これからがっつり1ヶ月、更新していきます。

お楽しみいただければ幸いです!


本日は2話アップいたします。






 しっとりと身体を濡らす雨に、ふわりと沈丁花が香る。

 坂を上りきって、土月つづき沙良さらは大きく息をついた。抱え直したエコバッグから大根がのぞいている。


「やっと……。やっと休みだぁ~」


 昨年度から続いていたプロジェクトが最終段階で揉めまくり、ここ2か月はとんでもなく忙しかった。

 本日午前中にプレスリリースが無事終わり、3日ぶりに帰宅できたのだ。


「うう、やっぱり重い。いくら安いからって、大根丸ごと一本は無謀だったか……。いや、今日は絶対ふろふき大根とビールだっ!」


 駅前の八百屋で見かけた破格のお値段に、ふらふらと買い求めてしまった。

地獄のような残業三昧と今日の達成感が合わさって、ちょっとテンションがおかしい。そういうときの買い物は危険である。

反省はしたけれど、大根に後悔はない。

 沙良は、坂の上のワンルームマンショにたどり着いた。郵便受けがぱんぱんに詰まっている。

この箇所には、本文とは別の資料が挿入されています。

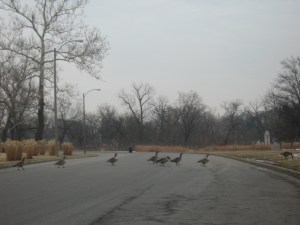 Geese were crossing the road in the park this morning on foot. Not many impatient drivers and those there were didn’t threaten them.
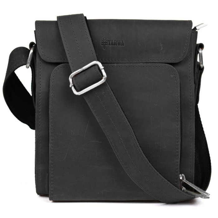 Зручна чоловіча сумка через плече з маленьким клапаном RB-30272-3md бренду TARWA, з натуральної матової шкіри вироблення crazy horse.
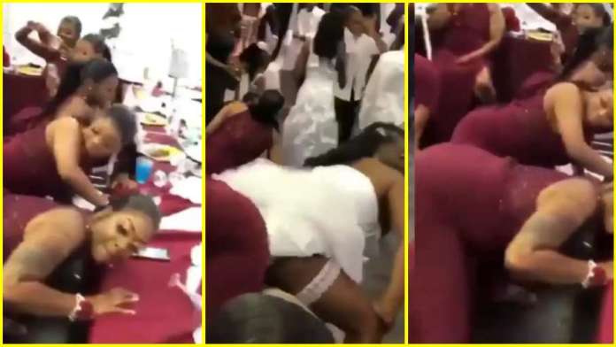 Each of the burgundy wearing maids could be seen busily twerking while the bride who stood in their midst was also wildly twerking.
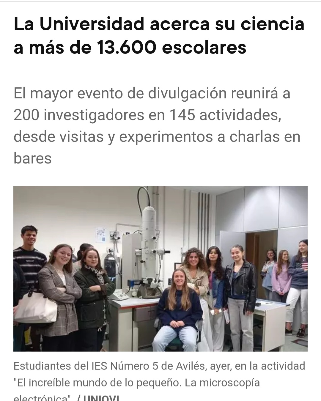 En la jornada del lunes 5 de noviembre, nuestro alumnado de Biología, Geología y Ciencias Ambientales y Ciencias Aplicadas de 1º y 2º de Bachillerato han participado en la XXIV SEMANA DE LA CIENCIA Y LA INNOVACIÓN DE LA UNIVERSIDAD DE OVIEDO con dos talleres: "El increíble mundo de lo pequeño. Microscopía electrónica" y "El ritmo de las rocas. Explorando el ciclo exógeno".
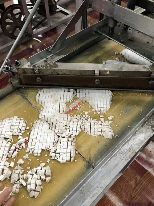 去完皮的茯苓根據(jù)生產(chǎn)需要進行切片或者切?。ㄜ蜍叨∫话闱谐?.8mm*0.8mm的正方形小粒)的工序,一般選擇半自動或者全自動設備完成。
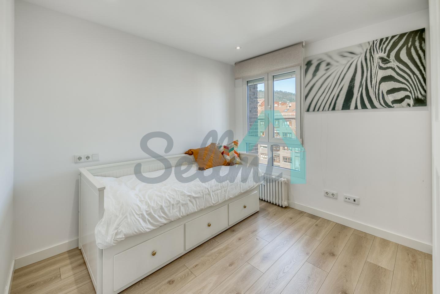 Piso en alquiler situado en la parte baja de General Elorza, en Oviedo. Se encuentra en la sexta planta de un edificio construido en 1973, sin barreras arquitectónicas y que cuenta con gimnasio, portero físico, servicios centrales y ascensor. El edificio (Verso) ha sido rehabilitado recientemente, presentando una imagen moderna y cuidada.

「チラシとかほとんどいらないのにな~、って、あれ?」


 最後にポストに残っていたのは、空色の封筒だった。


「わあ。いまどき手書きの手紙って。誰だろ~?」


 パソコンの入ったビジネスバッグとエコバッグを両肩に、傘を手首にかけ直す。

 空色の長方形に指が触れた、その瞬間。


――沙良は白い空間に投げ出された。